Politics has been one of Warren Beatty’s key interests outside of the movies throughout his life. Beatty once said about politics, “You’ve gotta have a life. You’ve gotta relate to people. Otherwise, you’ll make movies about movies and it just won’t be very interesting. So you’ve gotta make movies about life, and my avenue into life, my way of getting to know people, has been political.” (Biskind, p.174-5) There has been occasional speculation throughout his career about Beatty running for office. According to Suzanne Finstad’s biography of Beatty, he thought briefly about running for Governor of California in 1974 after a poll named him as the favorite candidate to replace outgoing Governor Ronald Reagan. (Warren Beatty: A Private Man, by Suzanne Finstad, p.412) 

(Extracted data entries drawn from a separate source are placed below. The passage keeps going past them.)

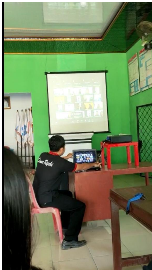
Gambar 7. Ikut serta pelatihan zoom digital marketing ibu-ibu PKK di balaidesa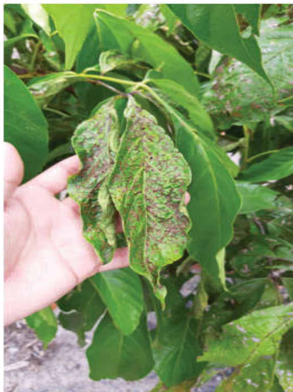
Figura 1. Guaranazeiro com sintomas de antracnose e superbrotamento

Outro problema identificado foi a presença de superbrotamento causado pelo fungo Fusarium decemcellulare (FIGURA 1). Este patógeno infecta os brotos novos, como gemas e inflorescências, causando a multiplicação exagerada de células, tanto em gemas florais quanto em gemas vegetativas, que se tornam áreas de competição com os ramos e folhas saudias, comprometendo o desenvolvimento estrutural da planta, prejudicando assim a sua produtividade (ARAÚJO et al., 2006).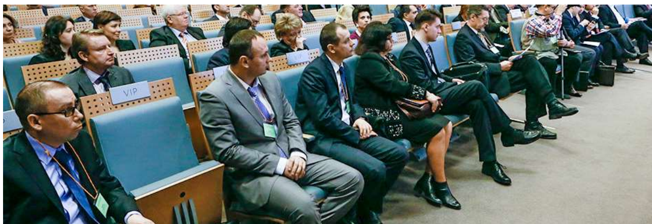
Форум Евразийской экономической комиссии (ЕЭК) «Интеграция финансовых рынков стран ЕЭП: стратегия и тактика»

Представитель Секретариата ЕАГ принял участие в форуме Евразийской экономической комиссии (ЕЭК) на тему «Интеграция финансовых рынков стран ЕЭП: стратегия и тактика». На форуме обсуждались вопросы незаконного перемещения капитала, география и каналы незаконной миграции, имплементация международных стандартов ПОД/ФТ на территории государств-членов ЕЭК.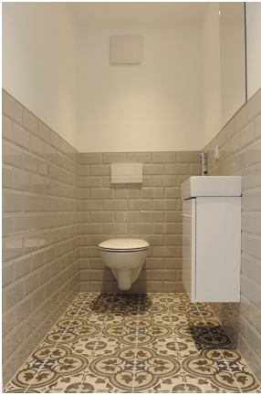
FE 19, WE 7,1_DG, WC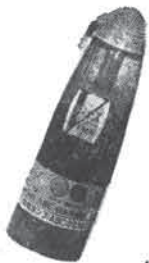
保険付 家庭用万能消火器 ピーナ

本社 大阪市生野区腹見町2の33 TEL (751) 1351 営業所 東京・大阪・仙台・名古屋・福岡 富山・北海道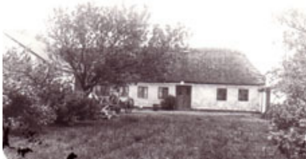
Øster Dørkenvej 8 omk. År 1900

The Parallax View was directed by Alan J. Pakula, who had previously directed Klute, and would go on to direct the superb All the President’s Men in 1976. The Parallax View was based on the 1970 novel of the same name by Loren Singer. The word parallax means “the apparent difference in direction of an object as seen from two different points not on a straight line with the object.” (Thanks Merriam-Webster’s phone app!) Parallax basically means how things change, or appear to change, depending on which angle we look at it from. 

In The Parallax View, Warren Beatty stars as newspaper reporter Joe Frady, who begins investigating suspicious deaths of witnesses to the assassination of a Senator, and ends up discovering a shadowy company, the Parallax Corporation, that recruits potential assassins. The Parallax View is an excellent film, and it reflects very well the troubled tenor of the time in which it was made. Released on June 14, 1974, less than two months before Richard Nixon resigned, The Parallax View was released into an America that had suffered from many traumas during the previous eleven years. The assassinations of John F. Kennedy, Robert F. Kennedy, and Martin Luther King had shocked the country. During the same period, it became obvious during the Vietnam War and the Watergate scandal that the United States government was systematically lying to the country. People’s trust in institutions was shattered. The Parallax View combines both of these threads, as the mysterious Parallax Corporation trains future assassins to kill whoever it views as enemies, and the government is shown lying to the American people through the commissions that investigate the assassinations in the movie. The Parallax View was a perfect movie for the paranoid atmosphere of 1974.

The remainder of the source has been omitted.